Vincero DMS is live.
Vincero

Legal

Privacy Policy

Last updated: 30 May 2026

1. Who we are

Vincero Limited(“Vincero”, “we”, “us”) is a New Zealand registered company (NZBN 9429053636706, company number 9425676) building software for New Zealand vehicle dealers. Our registered office is 94 Falsgrave Street, Waltham, Christchurch, 8011, New Zealand.
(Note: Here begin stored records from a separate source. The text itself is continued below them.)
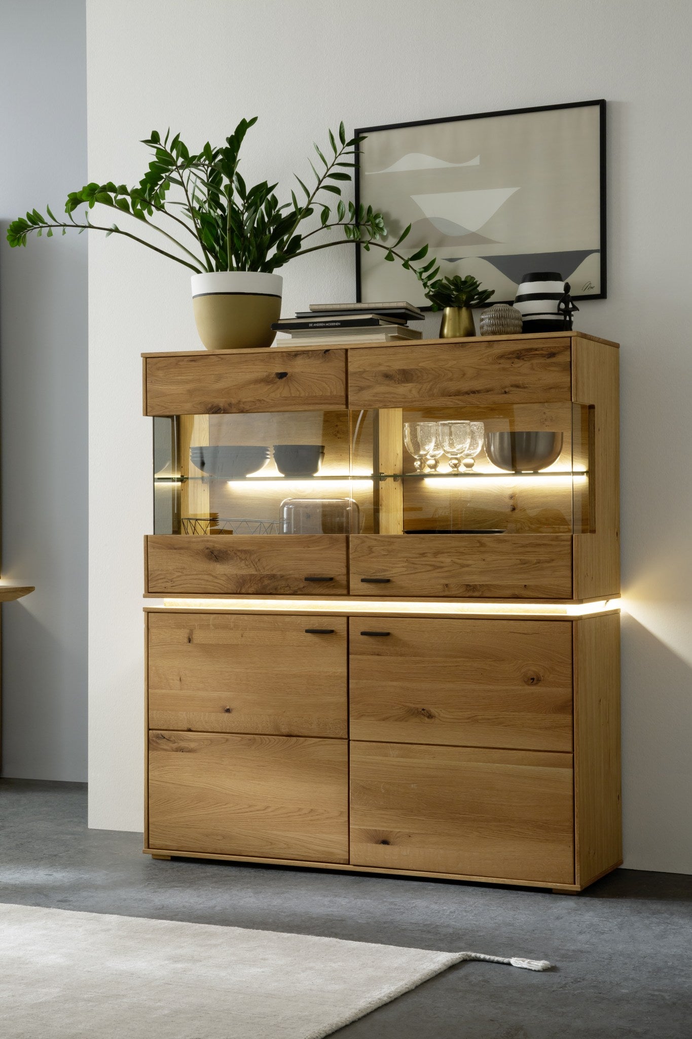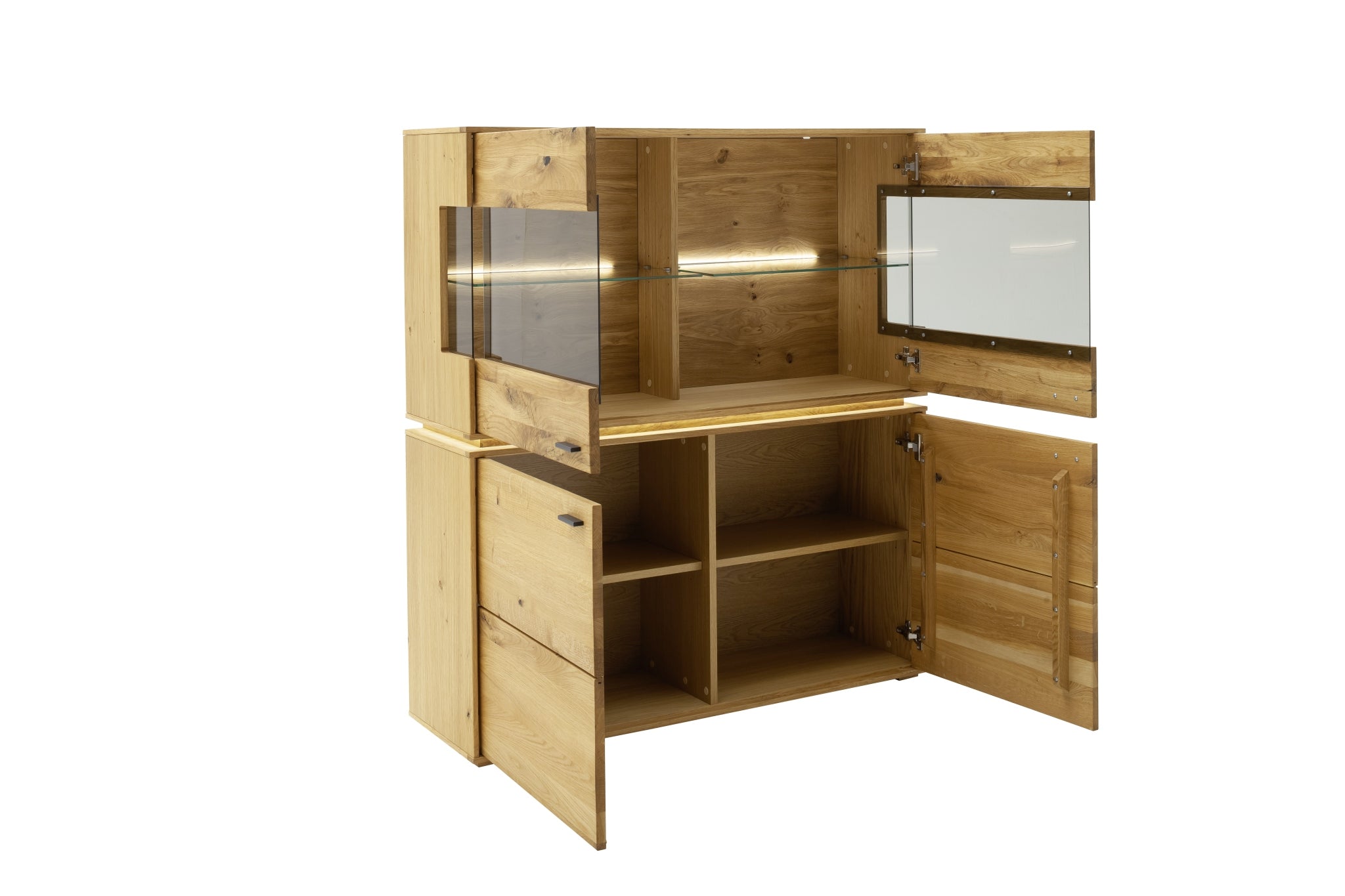 - Rückwand: sichtbar: Asteiche furniert, Oberfläche geölt hinter Türen & Schubkästen: Wildeiche Nachbildung
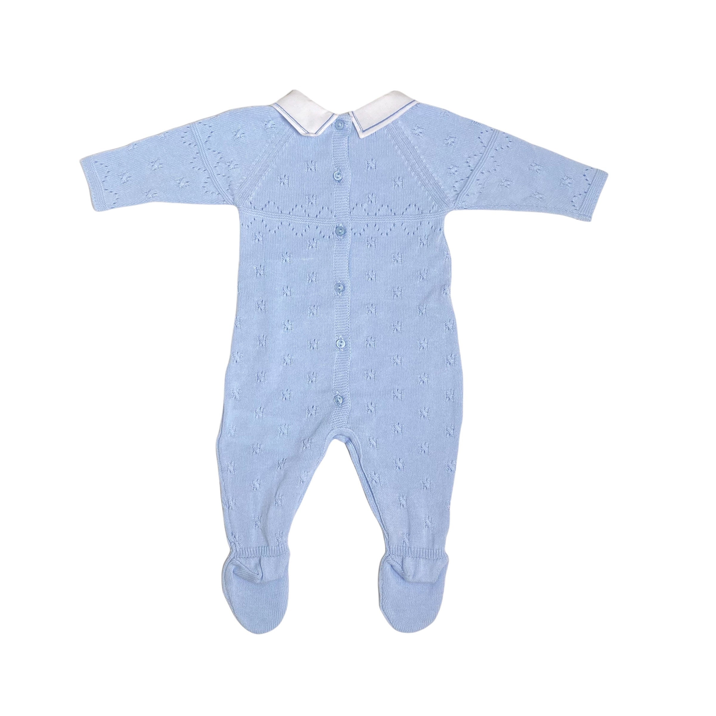 One-piece suit in pierced cotton thread, in solid light blue color, with white cotton collar.
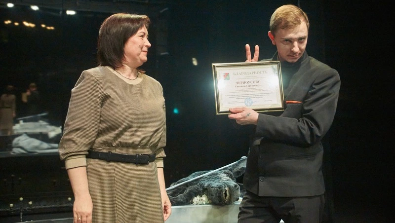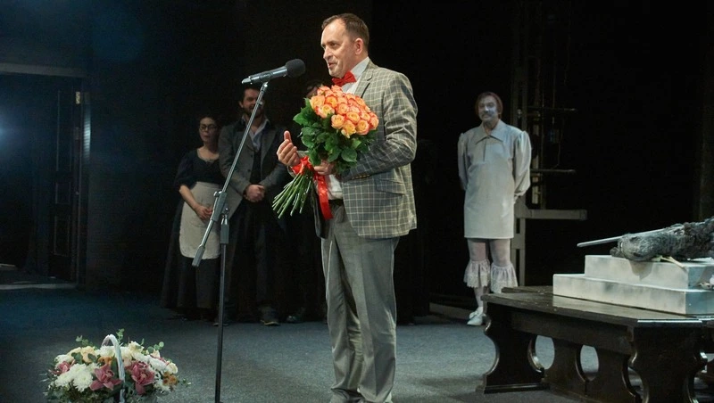 «Сегодня состоялся необычный спектакль, какой-то другой. Я чувствовал себя как будто среди тех, кто играл эту пьесу. Поздравляю с праздником всех нас, весь город, всю Россию», – сказал Сергей Александрович и вручил большой букет Максиму Меламедову.
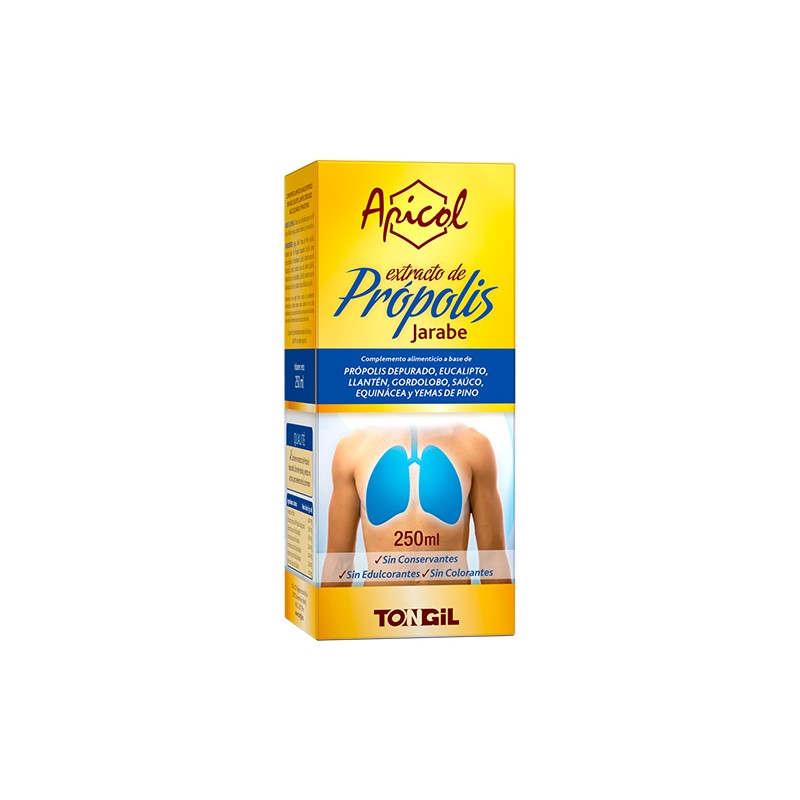 Más información de Apicol Jarabe de extracto de própolis 250 ml.
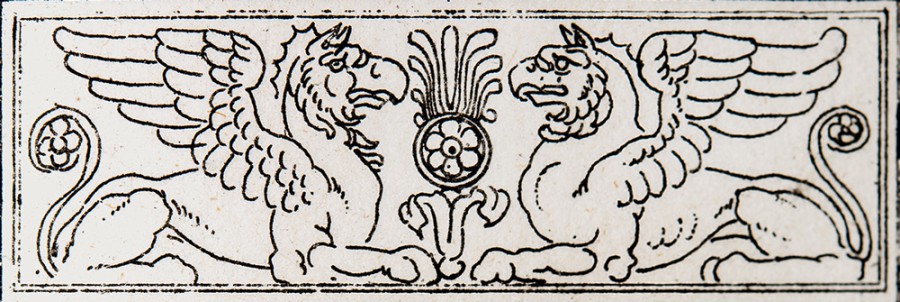 Related ornamental frieze designs with paired figures are found on the Brown suite, the Abell family chairs, as well as on other pieces attributed to the Finlays. However, the recumbent posture of the griffins on the Tenant suite varies from the standing position seen in these other pieces. Another illustration of recumbent griffins is seen in plate 52 of Percier and Fontaine, Recueil des décorations intérieures. These designs have previously been said to have been adapted from plate 56 of Thomas Sheraton’s The Cabinet-Maker and Upholsterer’s Drawing-Book (London, 1802); see, for example, Elder, Baltimore Painted Furniture, p. 76, and Kirtley, American Furniture, p. 294, cat. 297. Kirtley notes of the Tenant card table and the Waln suite that they were decorated with ornamentations found in Charles Heathcote Tatham’s Etchings, Representing the Best Examples of Ancient Ornamental Architecture: Drawn from the Originals in Rome, and other Parts of Italy, during the Years 1794, 1795 and 1796 (London, 1799), some of which were adapted by Sheraton. Tatham’s volume has several depictions of Roman eagles and the frieze of the Temple of Antoninus and Faustina in Rome that have parallels with the ornamental designs on furniture made in the Finlay shop. However, Sheraton’s and Tatham’s works do not include depictions of Jupiter’s iconography, which is integral to much of the Finlays’ decorative schemes, and it is more likely that Percier and Fontaine’s plates, which abound with such motifs, were the direct source for the Finlay shop.
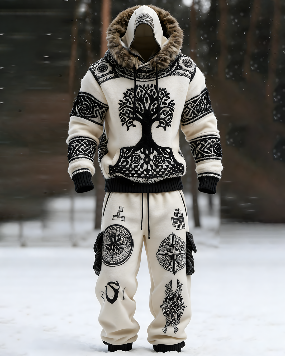 Men's Winter Warmth Wolf Faux Fur Hoodie and Pants Two-Piece Set 7352$53.99 USD$89.98 USD
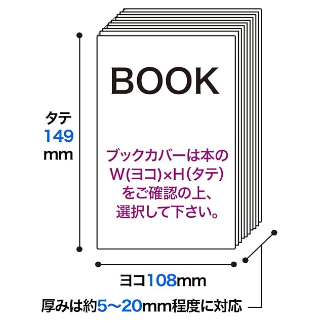 ■”コミック侍”ブランドのライトノベル用の40ミクロンプレミアム仕様の透明ブックカバーです。・フィルムの厚みは厚口の40ミクロンタイプで、標準タイプよりもコシがあり高級感を感じる厚みです。・徹底的にコストを見直し品質を磨いたオリジナルブックカバー。<br>・パッケージに装着方法や本の適合サイズを分かりやすく表記。<br>・限りなくクリアな透明度のOPPフィルムは、しわがつきにくく上品な光沢があり、本の表紙に耐水性と防汚性をプラスできます。<br>・焼却してもダイオキシン等の有毒ガスが発生しない、環境に優しい素材です。<br><br>■こんな場面にオススメです<br>・図書館やレンタルコミック店に<br>・インターネットカフェや飲食店に<br>・個人のコレクション用に<br>・美容院や待合室に<br><br>■対応書籍横:108mm 縦:149mm前後 厚み:5~20mm程度のライトノベルに対応しています <br>【ぴったり】<br>・PHP文庫(PHP)<br>・WAVE文庫(WAVE出版)<br>・地蔵さんとちょっと変わった日本恋話(電撃文庫/アスキー・メディアワークス)<br>・改訂徒然草(角川ソフィア文庫/角川書店)<br>・実践英文快読術(岩波現代文庫/岩波書店)<br>・メイちゃんの執事s(コバルト文庫/集英社)<br>・黄金色の黎明(集英社スーパーファンタジー文庫/集英社)<br>・きよしこ(新潮文庫/新潮社)<br>・尾木ママの子どもを伸ばす言葉ダメにする言葉(成美文庫/成美堂出版)<br>・中経の文庫(中経出版)<br>・徳間文庫(徳間書店)<br>・日経ビジネス人文庫(日本経済新聞社)<br>・くじけないで[文庫版](飛鳥新社) <br><br>【タテ2mm程余裕あり】<br>・蒼黒の追憶(ファミ通文庫/エンターブレイン)<br>・お嫁においで(ダリア文庫/フロンティワークス)<br>・ペンギンハイウェイ(角川文庫/角川書店)<br>・蝸牛考(岩波文庫/岩波書店)<br>・ステップアップ翻訳講座(ちくま学芸文庫/筑摩書房)<br>・まちがったっていいじゃないか(ちくま文庫/筑摩書房)・死者の声なき声(創元社推理文庫/東京創元社)・故きを温ね、新しきを知る(二見シャレード文庫/二見書房)<br><br>【タテ3mm程余裕あり】<br>・月のマトリクス(講談社X文庫ホワイトハート/講談社)<br>・完訳クラッシック赤毛のアン アンをめぐる人々(講談社文庫/講談社)・口入れ屋お千恵繁盛記(富士見新時代小説/富士見書房)<br><br>※GA文庫のGAノベルは入りません。<br>※実際に装着して確認しておりますが、急な書籍のサイズ変更もあるため、サイズの適合をするものではございません。あくまでも参考値のため、実際はご自身の責任でお確かめ下さい。<br>※密着テープは接着後、2,3日ではがれにくくなります。粘着力が強いため、開封時に破れることがあります。
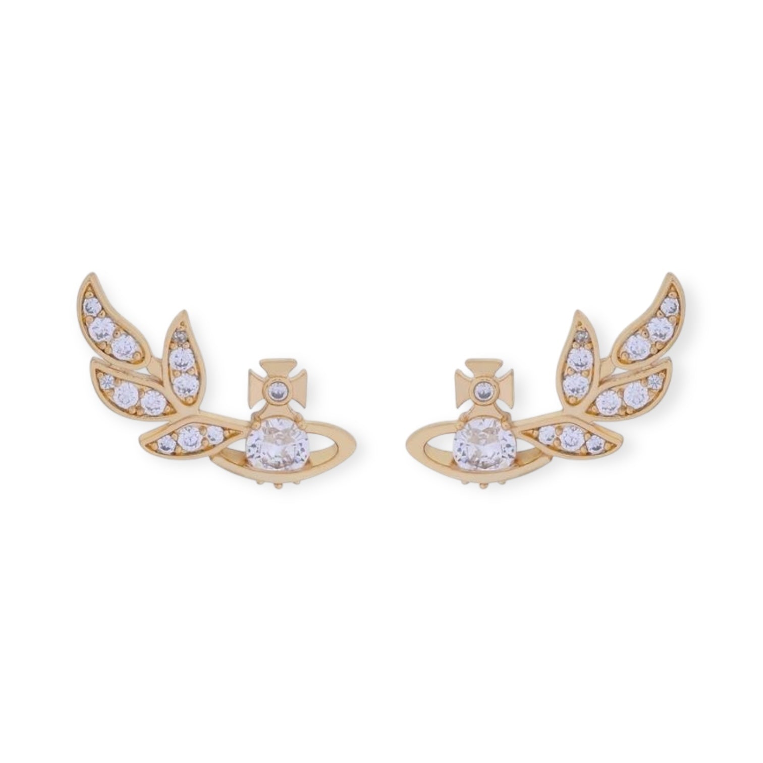 Flower Studded Leaves Wings Mini Gem Orb Pendant Earrings (4 Colors)
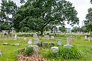 Grace Church cemetery is a triangular parcel of land located at the intersection of Broad Street and Elmwood Avenue.[3] The church purchased four acres here in 1834, and doubled its size in 1843.[3] A caretaker's cottage was built 1859-1860 in the Gothic Revival style.[3] The cottage, part of the Providence Landmark District, was restored several times: in 1982, 2008, and again in 2010.[3] The cemetery is a frequent target of vandalism, with many toppled and broken gravestones.[3] The Cemetery was listed as one of Rhode Island's "most endangered properties" by the Providence Preservation Society for several years.[4][3]
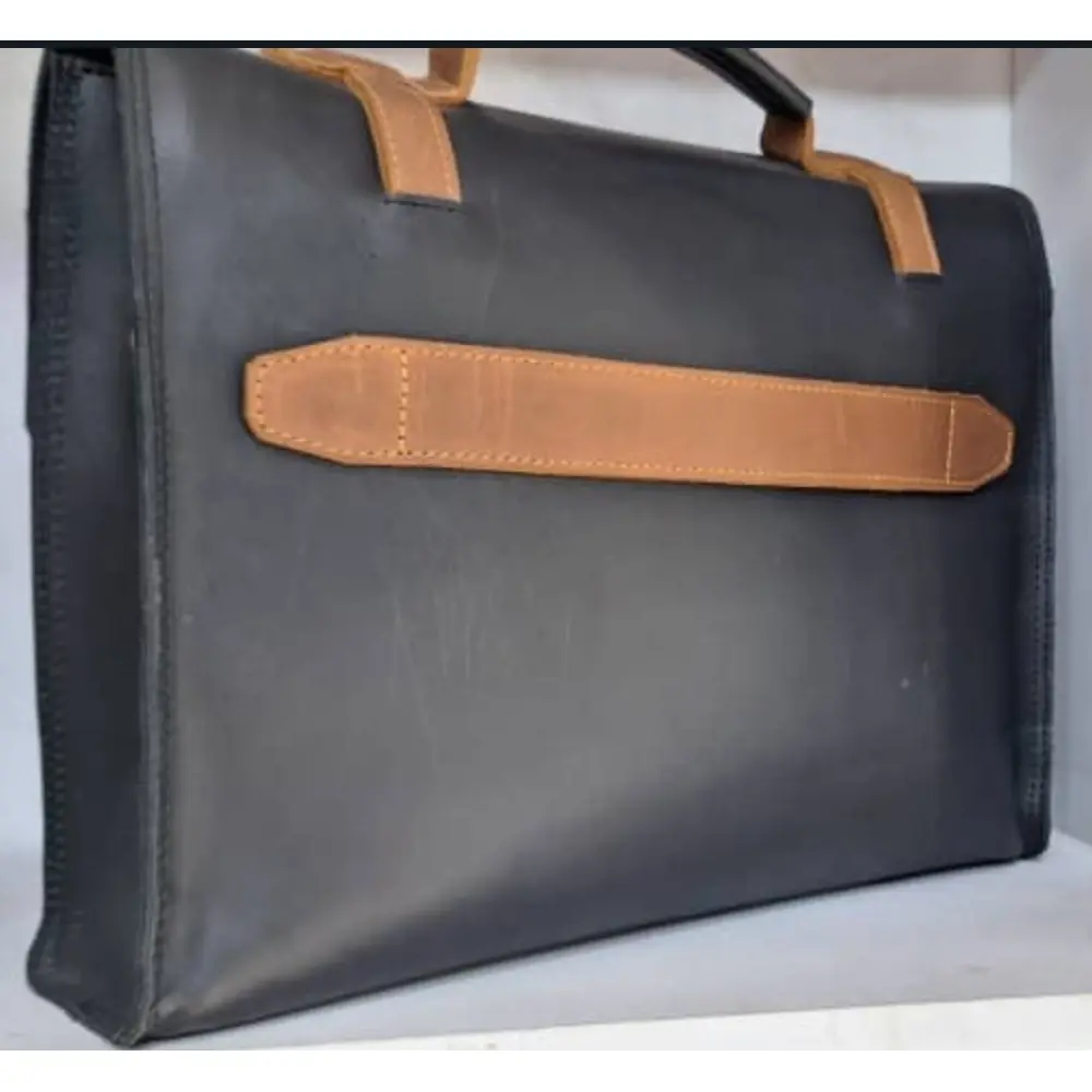 Premium Craftsmanship: Expertly handcrafted from 100% genuine leather with brass hardware, offering exceptional durability and a polished look.Spacious & Organized: Features a roomy main compartment, side pockets, and a multifunction interior to neatly organize your laptop, documents, and essentials.Laptop Protection: Includes a thick padded laptop compartment, ensuring your devices are secure and protected during commutes or travel.Sophisticated Design: Black leather with a stylish brown stripe creates a professional aesthetic suitable for office, business meetings, and travel.Versatile Usage: Perfect as a laptop briefcase, work bag, or travel companion, combining practicality with elegance for professionals on the go.
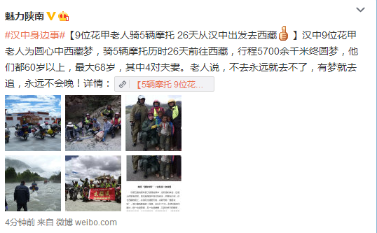 魅力陜南【9位花甲老人騎5輛摩托 26天從漢中出發(fā)去西藏】
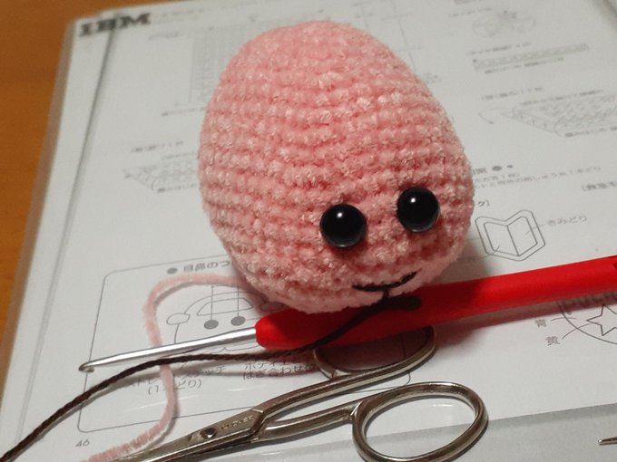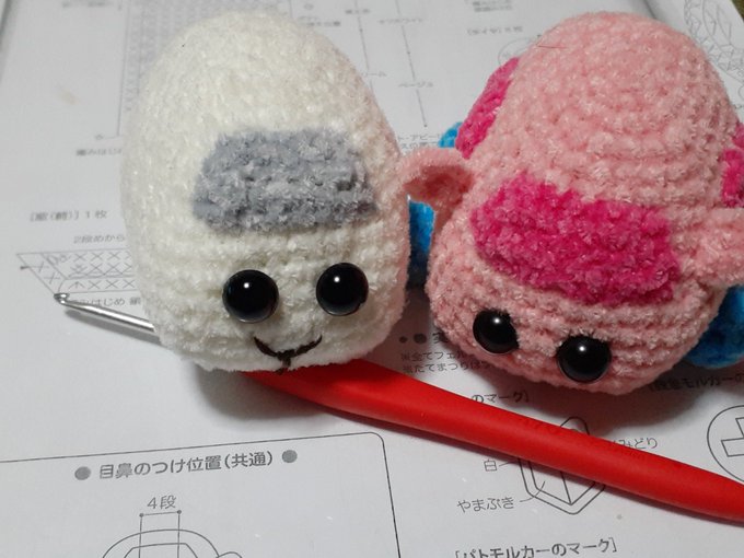 あみぐるみシロモちゃん進捗。 窓を縫いつけてから気付いた。ポポムちゃんの窓に比べ、ちょい小さめ? 同じ編み図を同じ糸で編んだのに、なんでこんなにサイズが違うの? シロモにはちんまりかわいくなるっきゃない呪いでもかかってるの?☺️ #モルカーファンアート #あみぐるみが編みたくなる糸
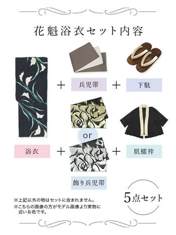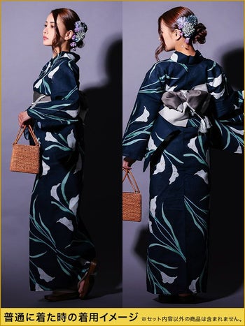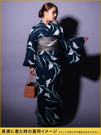 【浴衣 濃紺 菖蒲柄 2way 花魁ゆかた5点SETのセット内容表
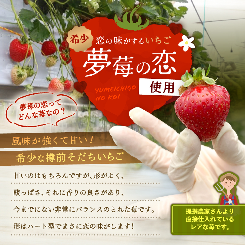 この希少な苺は、信州大学で開発・支援を受けて、樽前山麓の苫小牧市樽前地区で栽培されています。

This policy explains how we collect, use, store, and share personal information. We follow the New Zealand Privacy Act 2020 and the 13 Information Privacy Principles (IPPs) it sets out.

2. Which products this policy covers

This policy applies to all current Vincero products:

  • Vincero DMS (web), our Dealer Management System for tracking vehicle stock, customers, test drives, and sales. Used by dealer staff on a laptop or desktop browser.
  • Vincero DMS (iOS app), the same DMS, on iPhone, for use on the yard. Pairs with the web DMS to share data in real time.
  • Vincero Inbox, a multi-channel inbox (email, SMS, web chat, phone) for dealerships to manage conversations with prospective customers.

The personal information we hold belongs to two groups:

  • Dealer staff, people who work at a dealership and use Vincero directly (salespeople, managers, owners). They sign in with an email address and use the product day-to-day.
  • Dealer customers, members of the public who buy or test-drive a vehicle from a Vincero-using dealership, or who message the dealership about a vehicle. Their contact details, identification documents (e.g. driver licence), sale agreements, and conversation history are stored in Vincero so the dealership can serve them.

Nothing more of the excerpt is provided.